Pressure Drop of Confined Microfluidic Droplets

Microfluidics is the study of fluid manipulation on a micron scale. Microfluidic devices, or "lab-on-a-chip" technologies are used in many areas, from studying cell biology to enhancing chemical synthesis. Microfluidics has become a popular research tool in recent years due to the ease of fabrication, low cost for materials and reagents, and high surface area to volume ratios, which decrease residence times.  Microfluidic devices are commonly made using soft lithography, which requires specialty equipment such as a spin coater and mask aligner. When inadequate equipment is used or unintentional errors are made, they can result in features with non-rectangular channels. For some researchers, it is near impossible for them to create perfectly straight channel walls, due to their equipment limitations.

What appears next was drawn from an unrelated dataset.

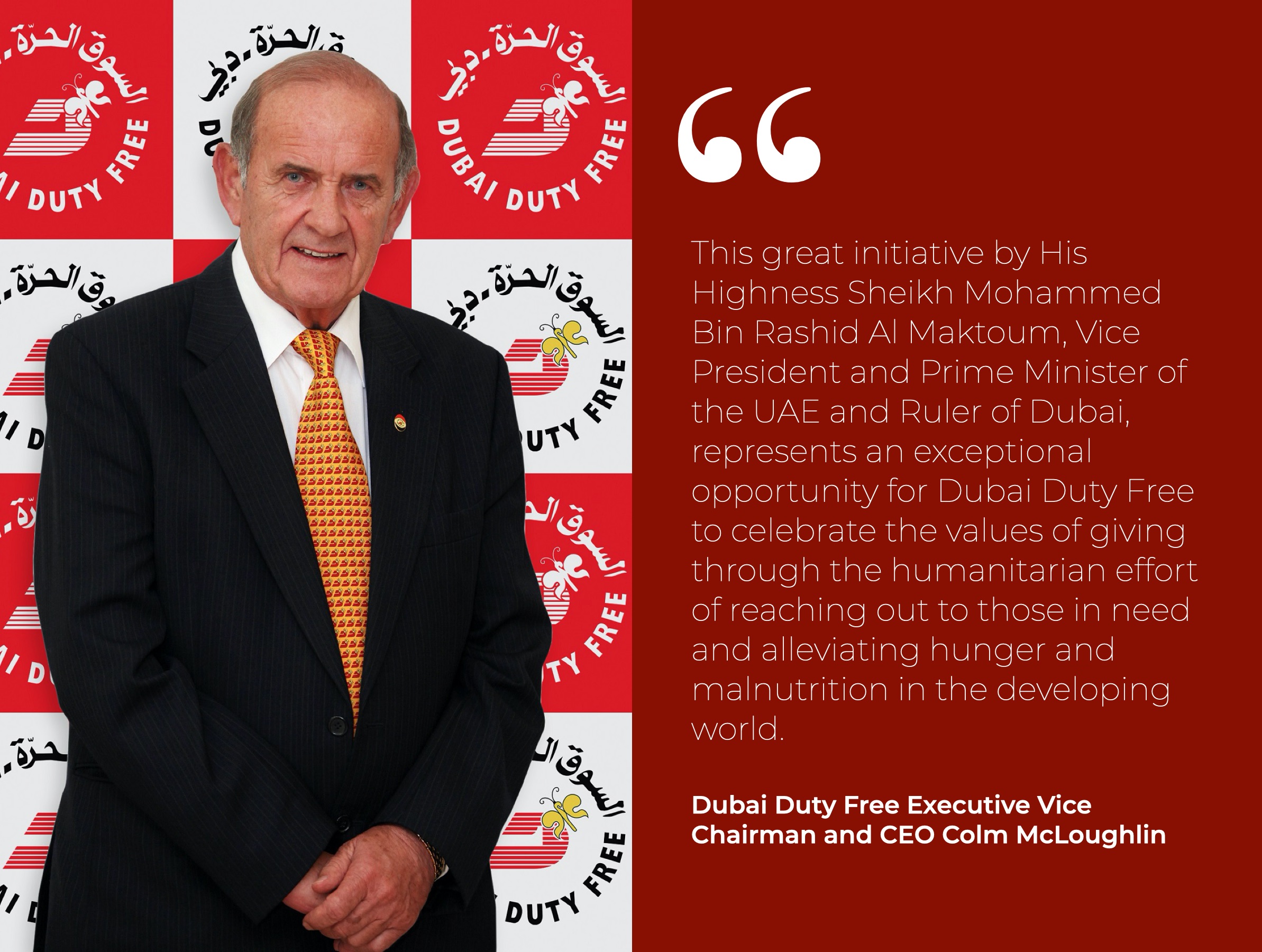 “This great initiative by His Highness Sheikh Mohammed Bin Rashid Al Maktoum, Vice President and Prime Minister of the UAE and Ruler of Dubai, represents an exceptional opportunity for Dubai Duty Free to celebrate the values of giving through the humanitarian effort of reaching out to those in need and alleviating hunger and malnutrition in the developing world.”

Since microfluidics is a field that leaves no room for error, we want to show what effect these imperfections have on the accuracy of the device. We use a simple, well-established pressure measuring technique called a comparator to measure the pressure drop of a confined microfluidic droplet in a train. We compare the measurements made in devices with either a square cross section, or an intentionally irregular cross-section which we call a "trapezoid". Our results show that at low capillary number (Ca_o<0.03), pressure drop is the same in both square and trapezoid cross sections but at higher capillary numbers (Ca_o>0.03), pressure drop in the trapezoid channel is greater than that in the square channel. This supports our claim that minor variations in channel cross section can affect pressure drop. In the future, we hope to do more of these experiments on other devices made out of a mechanically rigid material in order to determine how much elastic deformation affects pressure drop measurements.